The Finance Ministry is helping to address the shortage of child day care facilities by allowing operators to use state-owned land.
In June 2013, the government declared that reducing or eliminating the number of children on waiting lists was a priority policy. This prompted the ministry to cancel plans to sell dormitories for government workers to raise funds for reconstruction work in March 2011 disaster zone.
As there is an acute shortage of nursery schools in the Tokyo metropolitan area, the ministry informed local governments, through the Kanto Local Finance Bureau, of some 350 state-owned lots, including those vacated by demolished government dormitories.
To accelerate the establishment of nursery schools, the ministry has introduced a fixed-term leasehold program to lease state-owned land to local governments and social welfare corporations on condition that they are returned to the government as vacant sites after 20 or 30 years.
Lots used for government worker dormitories are attractive to nursery school operators as they are large and usually located in quiet residential areas.

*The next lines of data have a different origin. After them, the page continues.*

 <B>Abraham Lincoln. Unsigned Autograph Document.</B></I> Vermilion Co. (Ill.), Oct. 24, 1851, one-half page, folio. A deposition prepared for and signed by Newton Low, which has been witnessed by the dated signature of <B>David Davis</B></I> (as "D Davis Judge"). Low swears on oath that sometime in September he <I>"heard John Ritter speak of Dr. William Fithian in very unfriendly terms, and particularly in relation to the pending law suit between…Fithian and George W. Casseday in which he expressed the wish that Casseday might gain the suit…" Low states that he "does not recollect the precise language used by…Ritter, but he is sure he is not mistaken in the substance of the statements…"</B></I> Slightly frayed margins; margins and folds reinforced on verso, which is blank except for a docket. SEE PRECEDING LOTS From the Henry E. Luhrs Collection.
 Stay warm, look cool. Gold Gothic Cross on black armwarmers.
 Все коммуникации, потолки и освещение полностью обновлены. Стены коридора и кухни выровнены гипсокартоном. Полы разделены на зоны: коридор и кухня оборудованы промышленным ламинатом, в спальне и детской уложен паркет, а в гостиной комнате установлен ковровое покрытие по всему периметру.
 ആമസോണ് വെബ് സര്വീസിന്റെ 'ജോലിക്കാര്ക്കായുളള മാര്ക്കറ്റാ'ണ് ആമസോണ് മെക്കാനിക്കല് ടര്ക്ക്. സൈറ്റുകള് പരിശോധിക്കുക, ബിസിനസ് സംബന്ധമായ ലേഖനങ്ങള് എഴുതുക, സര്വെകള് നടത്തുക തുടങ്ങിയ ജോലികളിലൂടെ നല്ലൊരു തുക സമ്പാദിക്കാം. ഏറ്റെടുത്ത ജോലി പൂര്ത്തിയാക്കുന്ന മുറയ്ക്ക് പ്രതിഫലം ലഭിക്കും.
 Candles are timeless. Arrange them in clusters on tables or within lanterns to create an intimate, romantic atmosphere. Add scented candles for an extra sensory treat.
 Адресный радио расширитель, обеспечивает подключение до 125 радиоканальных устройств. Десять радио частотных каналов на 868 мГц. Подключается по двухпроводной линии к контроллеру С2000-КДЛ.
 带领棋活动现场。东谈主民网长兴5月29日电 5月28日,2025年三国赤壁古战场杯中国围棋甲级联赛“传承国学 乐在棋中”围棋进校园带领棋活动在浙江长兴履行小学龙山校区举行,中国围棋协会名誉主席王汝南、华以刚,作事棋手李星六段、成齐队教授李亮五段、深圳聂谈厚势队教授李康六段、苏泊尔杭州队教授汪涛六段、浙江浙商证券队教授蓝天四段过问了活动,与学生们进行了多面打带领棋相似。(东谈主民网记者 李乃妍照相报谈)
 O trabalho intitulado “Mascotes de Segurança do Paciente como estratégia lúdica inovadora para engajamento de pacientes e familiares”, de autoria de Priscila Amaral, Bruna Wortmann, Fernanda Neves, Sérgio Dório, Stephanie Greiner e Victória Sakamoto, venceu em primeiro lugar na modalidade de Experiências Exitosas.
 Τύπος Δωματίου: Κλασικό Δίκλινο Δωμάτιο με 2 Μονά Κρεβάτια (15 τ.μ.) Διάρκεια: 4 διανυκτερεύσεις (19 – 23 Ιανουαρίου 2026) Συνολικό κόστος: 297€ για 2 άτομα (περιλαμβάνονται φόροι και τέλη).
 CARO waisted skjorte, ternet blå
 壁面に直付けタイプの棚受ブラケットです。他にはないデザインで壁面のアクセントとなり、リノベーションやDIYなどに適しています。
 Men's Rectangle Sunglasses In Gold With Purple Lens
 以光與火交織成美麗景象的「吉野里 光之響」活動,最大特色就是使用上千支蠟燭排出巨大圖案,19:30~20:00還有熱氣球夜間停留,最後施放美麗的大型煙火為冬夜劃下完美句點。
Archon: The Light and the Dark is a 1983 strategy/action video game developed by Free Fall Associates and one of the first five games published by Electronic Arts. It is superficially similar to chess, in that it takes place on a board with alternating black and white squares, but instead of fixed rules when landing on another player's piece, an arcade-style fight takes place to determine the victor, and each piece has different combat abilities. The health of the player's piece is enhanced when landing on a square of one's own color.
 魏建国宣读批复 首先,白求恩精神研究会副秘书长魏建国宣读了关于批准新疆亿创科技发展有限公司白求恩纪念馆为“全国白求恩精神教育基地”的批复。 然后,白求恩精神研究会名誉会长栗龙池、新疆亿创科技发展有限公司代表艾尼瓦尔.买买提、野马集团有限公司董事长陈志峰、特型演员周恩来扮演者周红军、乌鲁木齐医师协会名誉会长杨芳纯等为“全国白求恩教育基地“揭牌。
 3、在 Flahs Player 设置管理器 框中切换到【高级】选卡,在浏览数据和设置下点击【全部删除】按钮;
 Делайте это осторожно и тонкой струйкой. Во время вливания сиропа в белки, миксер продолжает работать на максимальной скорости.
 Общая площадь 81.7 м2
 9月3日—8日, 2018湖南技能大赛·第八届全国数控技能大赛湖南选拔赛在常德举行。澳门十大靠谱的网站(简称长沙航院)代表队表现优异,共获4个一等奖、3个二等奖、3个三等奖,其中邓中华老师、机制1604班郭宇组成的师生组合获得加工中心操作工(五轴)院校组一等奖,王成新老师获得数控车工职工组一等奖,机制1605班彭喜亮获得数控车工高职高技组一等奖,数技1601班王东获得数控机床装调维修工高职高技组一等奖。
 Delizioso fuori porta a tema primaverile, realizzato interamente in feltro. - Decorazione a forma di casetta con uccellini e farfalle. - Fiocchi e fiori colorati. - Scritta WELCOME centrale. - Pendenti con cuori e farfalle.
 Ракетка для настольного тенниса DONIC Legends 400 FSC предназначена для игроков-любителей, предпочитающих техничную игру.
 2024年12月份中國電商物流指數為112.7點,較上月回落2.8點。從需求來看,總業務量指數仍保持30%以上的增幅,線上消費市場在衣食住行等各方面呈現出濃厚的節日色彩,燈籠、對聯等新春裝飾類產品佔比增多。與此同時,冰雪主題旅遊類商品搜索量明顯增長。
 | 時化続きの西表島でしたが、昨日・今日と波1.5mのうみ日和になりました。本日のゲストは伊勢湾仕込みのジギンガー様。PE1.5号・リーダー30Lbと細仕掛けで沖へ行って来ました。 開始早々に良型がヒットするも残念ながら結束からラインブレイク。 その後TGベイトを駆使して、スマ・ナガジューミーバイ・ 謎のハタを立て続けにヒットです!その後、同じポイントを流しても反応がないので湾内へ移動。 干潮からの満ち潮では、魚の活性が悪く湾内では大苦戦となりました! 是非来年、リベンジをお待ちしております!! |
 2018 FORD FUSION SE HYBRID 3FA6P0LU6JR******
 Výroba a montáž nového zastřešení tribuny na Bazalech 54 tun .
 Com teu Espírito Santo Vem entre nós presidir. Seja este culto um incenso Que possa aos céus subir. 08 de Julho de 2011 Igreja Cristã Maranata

Rents under the program are low because they do not involve fixed property taxes or advance payments — which leasing tenants are usually liable for.
One example of this in action is Suginoko Hoikukai, a social welfare corporation, which opened a nursery school in Tokyo’s Setagaya Ward in April. The ward rented the lot from the Kanto bureau and re-leased it to the corporation by setting its own rent.
“The rent is one-10th of that charged by private owners,” said Tsutomu Hoshino, 69, the corporation’s head. He expressed appreciation for the support provided by the ward and the ministry.
The Kanto Local Finance Bureau is also helping mothers with young children by promoting the government’s integrated reforms of the social security and tax systems.
Five young members of the bureau’s general affairs department put together a brochure designed to gain better public understanding of the reforms, which are aimed at securing stable financial resources for social welfare and pushing ahead with fiscal reconstruction at the same time.
“Child care assistance is a new feature of the integrated reforms, but this has not yet been properly understood,” said Ryuji Ishibashi, 35, leader of the five-member team. “We decided there is a need for an easy-to-understand brochure written from the viewpoint of child-rearing families.”
The brochure, produced in May, has only eight pages, compared with 55 pages in the previous explanatory document. Explanations on specific reform plans start with ones on child care support, with many illustrations and graphical charts to aid understanding.
“We aim for active interactions with local residents,” said Akira Watabe, chief of the ministry’s Division Controlling Local Finance Bureaus. “Instead of imposing policy measures, we’d like to promote collaboration with local communities through exchanges of views with a wide spectrum of people.”